2019/20 John Howes Lecture in Japanese Studies
With Guest Speaker Professor James E. Ketelaar
(Professor in the Departments of History and East Asian Languages & Civilizations, and Divinity School, University of Chicago)
What Aborigines Sang: Aynu, Yukar and Some Problems in Japanese Studies
Thank you to everyone who attended! The recording can be viewed via this link here and see some photos from the evening here. (Videographer: Taher Hashemi and Photographer: Colby Brochu)
Monday, February 10, 2020
6:30pm Lecture
7:30pm Reception with light refreshments
Location:
Asian Centre Auditorium, 1871 West Mall, Vancouver
Free & open to the public.
Lecture abstract:
Professor Ketelaar will draw on his most recent research into the concepts of the barbarian and the frontier in the construction of Japanese national identity and history; coupled with this he will examine something of the roles and meanings of emotion in the construction of the historical imagination in Japan. All of which will be used in a critical approach to the area known as Japan Studies.
About the speaker:
Professor James E. Ketelaar has lived in Japan off and on for fifteen of the last thirty-five years, mostly in Kyoto, but also in Tokyo, Hokkaidô (mostly during the summer), and Kyûshû (mostly during the winter). He did some of his undergraduate work at Waseda University and some of his graduate and dissertation work at Kyoto University.

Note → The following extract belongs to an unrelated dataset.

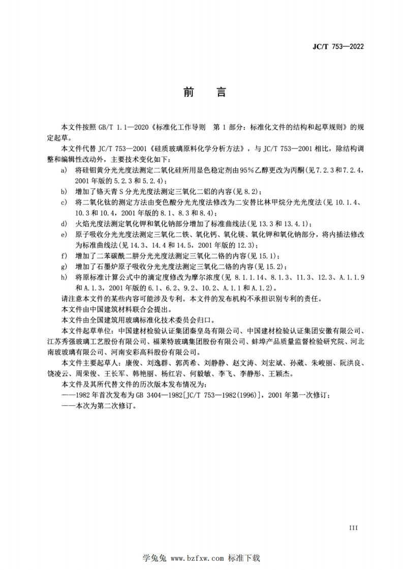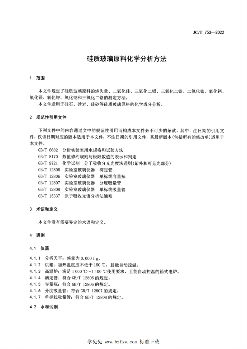 硅质玻璃原料化学分析方法Methodsforchemicalanalysisofglass-makingsand_硅质玻璃原料化学分析方法Methodsforchemicalanalysisofglassmakingsand348072@abc3天前发布关注私信8.71MB25页040硅质玻璃原料化学分析方法Methodsforchemicalanalysisofglass-makingsand_硅质玻璃原料化学分析方法Methodsforchemicalanalysisofglassmakingsand此内容为付费资源,请付费后查看¥23¥36黄金会员免费钻石会员免费立即购买您当前未登录!建议登陆后购买,可保存购买订单付费资源 第1页 / 共25页 第2页 / 共25页 第3页 / 共25页 第4页 / 共25页 第5页 / 共25页 试读已结束,还剩20页,您可下载完整版后进行离线阅读 THE END标准规范 文本预览 ICS81.040CCS Q 34JC中华人民共和国建材行业标准JC/T753一2022代替JC/T753-2001硅质玻璃原料化学分析方法Methods for chemical analysis of glass-making sand2022-09-30发布2023-04-01实施中华人民共和国工业和信息化部发布学兔免www.bzfxw.com标准下载 查看更多 收起部分 喜欢就支持一下吧收藏

He has taught in Japan as a study-trip leader for the Smithsonian Institution and the University of Chicago Alumni Association. He was an undergraduate educator for the Kyoto Consortium for Japanese Studies (KCJS) on three separate occasions, and in 2012, he led a group of University of Chicago undergraduates to Tokyo, Kyoto, Nara, and Osaka after a month studying Japanese history and culture with them at the university’s Center in Beijing.
Professor Ketelaar was a member of the KCJS Governing Board for fifteen years and currently serves as the chair of the Executive Committee and the Governing Board of the Inter-University Center for Japanese Language Studies (IUC) based in Yokohama, Japan.
About the John Howes Lecture in Japanese Studies:
John Howes was a founding member of UBC’s Department of Asian Studies, which he joined in 1961 after earning his doctorate from Columbia University. During his 30 years of active teaching and research, Professor Howes was at the forefront of Canada-Japan cultural, educational and people-to-people relations and inspired countless young Canadians to dedicate their careers and lives to the Canada-Japan relationship in one way or another. In 2012, a number of UBC faculty, staff, and Professor Howes’ devoted former students came together to launch an endowment in his honour. The fund supports the John Howes Lecture in Japanese Studies, an annual public lecture for prominent scholars from around the world to speak to the university community and alumni on topics in Japanese Studies with a focus on Humanities. Dr. Howes passed away peacefully on February 4th, 2017, at the age of 92.